» EXERCISE AIM
Would you restate each line of the data below word for word, without its pictures?

» INFORMATION SUPPLIED
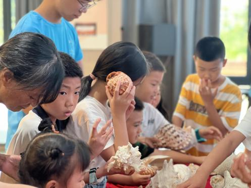 参观“与红树林对话”海洋生物标本展。红树林不仅是防风消浪的“海岸卫士”、净化海水的“过滤器”,还是维持生物多样性的“鱼虾乐园”“鸟类天堂”,实践团指导老师艾为明老师向小朋友们展示鹦鹉螺、中华鲟、唐冠螺、万宝螺等海洋生物标本。在艾老师的一一讲解下,小朋友们纷纷拿起一件件陈列的标本欣赏端详,放在耳边聆听海浪的回响,进一步认识到了海洋生物多样性。
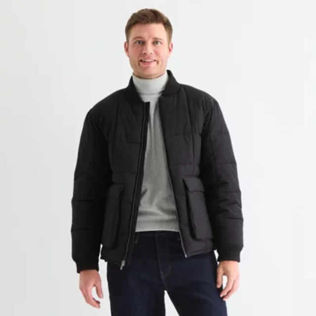 St. John's Bay Mens Water Resistant Midweight Bomber Puffer Jacket
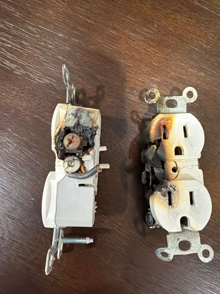 Electrical Repair: Responded to an urgent call for a smoking outlet in the kitchen. Shut down power to the affected circuit, removed outlet, and inspected wiring. Found melted insulation and a burned receptacle due to loose connections. Replaced the outlet and damaged wiring, resecured connections, restored power, and tested to confirm safe operation.

» REPLY
 参观“与红树林对话”海洋生物标本展。红树林不仅是防风消浪的“海岸卫士”、净化海水的“过滤器”,还是维持生物多样性的“鱼虾乐园”“鸟类天堂”,实践团指导老师艾为明老师向小朋友们展示鹦鹉螺、中华鲟、唐冠螺、万宝螺等海洋生物标本。在艾老师的一一讲解下,小朋友们纷纷拿起一件件陈列的标本欣赏端详,放在耳边聆听海浪的回响,进一步认识到了海洋生物多样性。
 St. John's Bay Mens Water Resistant Midweight Bomber Puffer Jacket
 Electrical Repair: Responded to an urgent call for a smoking outlet in the kitchen. Shut down power to the affected circuit, removed outlet, and inspected wiring. Found melted insulation and a burned receptacle due to loose connections. Replaced the outlet and damaged wiring, resecured connections, restored power, and tested to confirm safe operation.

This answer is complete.